We use Theorem 1.1. In our case, \(D_{1} = l^{1}({\mathbb {N}})\) because

$$\begin{aligned} \sum _{k=1}^{+\infty }||B_{k}x||_{l^{1}({\mathbb {N}})} \le 2||x||_{l^{1}({\mathbb {N}})} \sum _{k=1}^{\infty } (\alpha _{k}+\beta _{k}) < \infty \end{aligned}$$

for every \(x\in l^{1}({\mathbb {N}})\). The norm convergence in \(l^{1}({\mathbb {N}})\) implies the coordinate-wise convergence, hence components of Ax are limits of components of \(A_{n}x\), where \(A_{n}=\sum _{k=1}^{n}B_{k}x\). Thus (3.2) and (3.3) follow and

$$\begin{aligned} ||A|| \le 2\sum _{k=1}^{\infty } (\alpha _{k}+\beta _{k}). \end{aligned}$$

This completes the proof. \(\square \)

Any \(x\in l^{1}({\mathbb {N}})\) can be written as \(\sum _{i\in {\mathbb {N}}}\xi _{i}e_{i}\), where \(\{e_{i}\}_{i\in {\mathbb {N}}}\) is the standard Schauder basis in \(l^{1}({\mathbb {N}})\), i.e., \(e_{i} = (\ldots , 0, 1, 0, \ldots )\) with 1 in the i-th coordinate. From Theorem 3.1, we have for example

$$\begin{aligned} A e_{1} = (\eta _{i})_{i\in {\mathbb {N}}} = {\left\{ \begin{array}{ll} -\sum _{k=1}^{\infty }\beta _{k},\quad i=1,\\ \beta _{k},\quad \text{ for }\; i=1+2^{k-1}\; \text{ and }\; k\ge 1,\\ 0,\quad \text{ otherwise }. \end{array}\right. } \end{aligned}$$

and

$$\begin{aligned} A e_{2} = (\eta _{i})_{i\in {\mathbb {N}}} = {\left\{ \begin{array}{ll} \alpha _{1},\quad i=1,\\ -\alpha _{1}-\sum _{k=2}^{\infty }\beta _{k},\quad i=2,\\ \beta _{k},\quad \text{ for }\; i=2+2^{k-1}\; \text{ and }\; k\ge 2,\\ 0,\quad \text{ otherwise }. \end{array}\right. } \end{aligned}$$

Theorem 3.2

Assume that \(\alpha _{n}, \beta _{n}\), \(n\ge 1\), are positive numbers satisfying (3.1). Then the infinite product \(T^{*}(t)\), \(t\ge 0\), of semigroups given by (2.5) exists.
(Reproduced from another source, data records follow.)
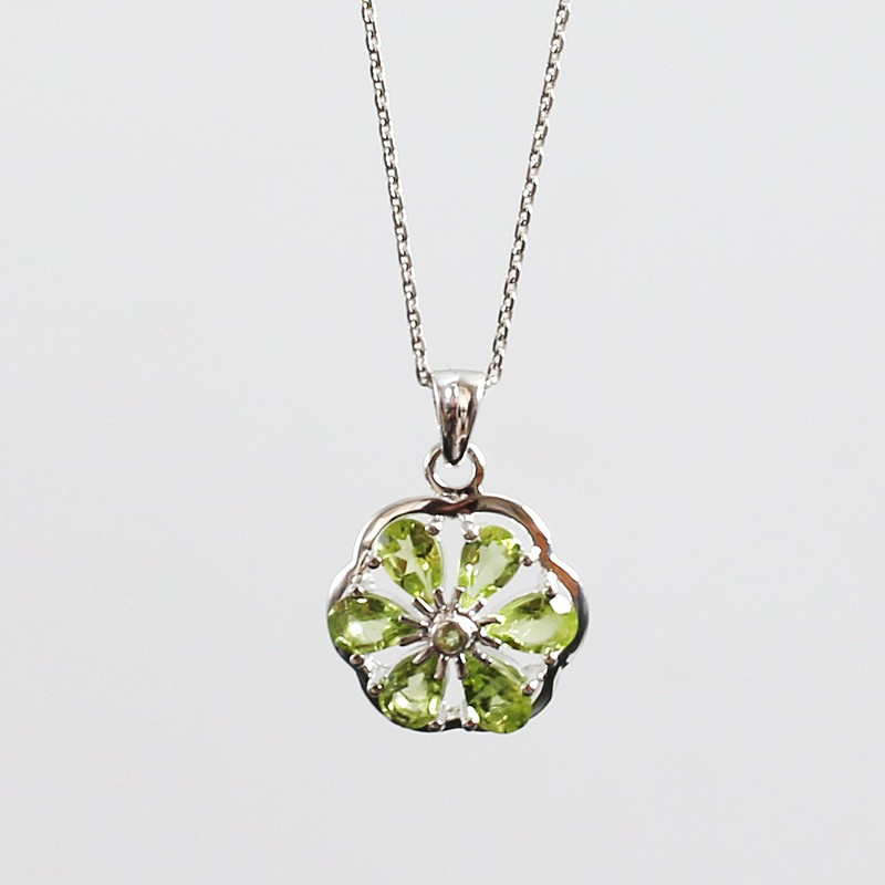 페리도트 원석이 셋팅된 꽃 모양의 실버 펜던트입니다.
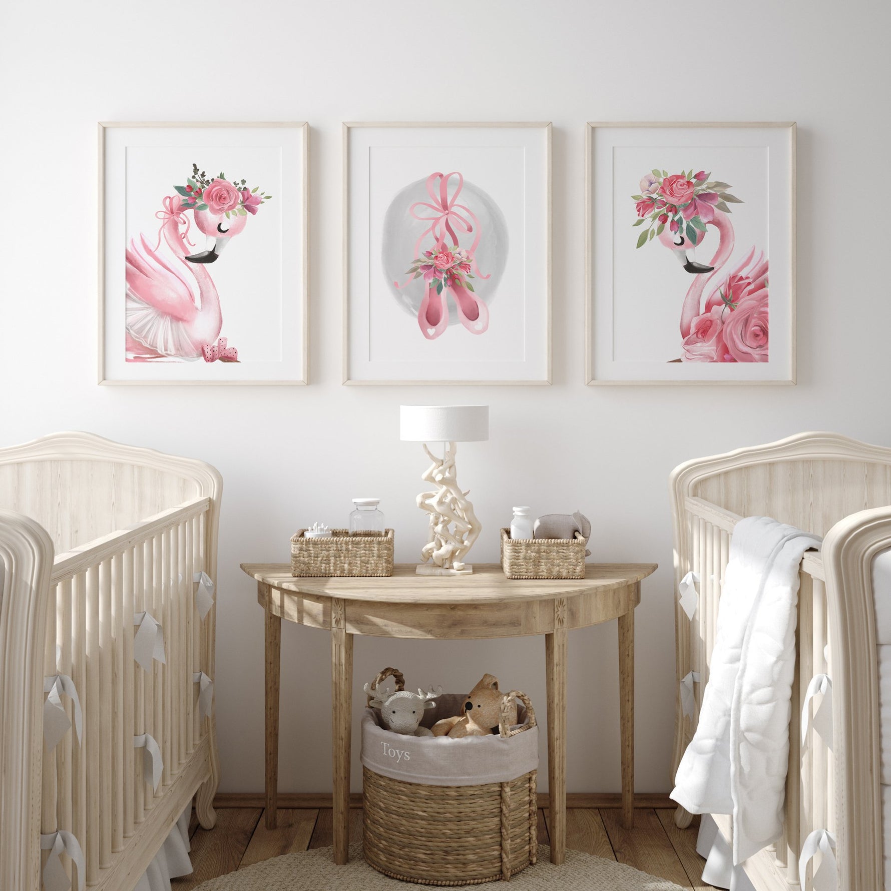 A set of three watercolour, ballet inspired nursery wall art prints, featuring two floral flamingos in tutu's and a pointe shoes print. A perfect new baby gift or add the finishing touches your own little girls bedroom or playroom decor.
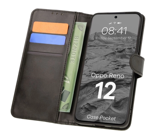 Etui Bizon z klapką Pocket do Oppo Reno 12 Czarny

Let \(A^{*}\) be the generator of \(T^{*}(t)\) and denote \((\eta _{i})_{i\in {\mathbb {N}}} = A^{*}x\), where \(x = (\xi _{i})_{i\in {\mathbb {N}}}\in l^{\infty }({\mathbb {N}})\). Then

$$\begin{aligned} \eta _{1} = \sum _{k=1}^{\infty }\beta _{k}(-\xi _{1} + \xi _{1+2^{k-1}}), \end{aligned}$$
(3.4)

and if \(i = 2^{l} + m\) for \(l\ge 0\) with \(m\in \{1,2,\ldots , 2^{l}\}\), we have

$$\begin{aligned} \eta _{i} = \sum _{k=1}^{l+1}\zeta _{k} + \sum _{k= l+2}^{\infty } \beta _{k}(-\xi _{i}+\xi _{i+2^{k-1}}) \end{aligned}$$
(3.5)

where \(\zeta _{k}\), \(k=1,\ldots , l+1\), are given by

$$\begin{aligned} \zeta _{k} = {\left\{ \begin{array}{ll} \beta _{k}(-\xi _{i} + \xi _{i+2^{k-1}}) \quad \text{ if } \;\; i\bmod 2^{k} \in S_{k}^{1},\\ \alpha _{k}(-\xi _{i} + \xi _{i-2^{k-1}}) \quad \text{ if } \;\; i\bmod 2^{k} \in S_{k}^{2}.\\ \end{array}\right. } \end{aligned}$$

Proof

The proof is analogous to that of Theorem 3.1. For every \(x\in l^{\infty }({\mathbb {N}})\), we have

$$\begin{aligned} \sum _{k=1}^{+\infty }||B_{k}^{*}x||_{l^{\infty }({\mathbb {N}})} \le 2||x||_{l^{\infty }({\mathbb {N}})} \sum _{k=1}^{\infty } \max \{\alpha _{k},\beta _{k}\} < \infty . \end{aligned}$$

So \(D_{1} = l^{\infty }({\mathbb {N}})\) and the operator \(A^{*}\) is bounded. The norm convergence in \(l^{\infty }({\mathbb {N}})\) implies the coordinate-wise convergence, thus components of \(A^{*}x\) are limits of \(A_{n}^{*}x\), where \(A_{n}^{*}=\sum _{k=1}^{n}B_{k}^{*}x\) and

$$\begin{aligned} ||A^{*}|| \le 2\sum _{k=1}^{\infty } \max \{\alpha _{k},\beta _{k}\}. \end{aligned}$$

This completes the proof. \(\square \)

4 Remarks

I proved in [9] that if \(\alpha _{n}, \beta _{n}\), \(n\ge 1\), are positive numbers satisfying the following conditions (introduced by D. Blackwell in [4] to secure the existence of a Markov process with countably many states all of which are instantaneous)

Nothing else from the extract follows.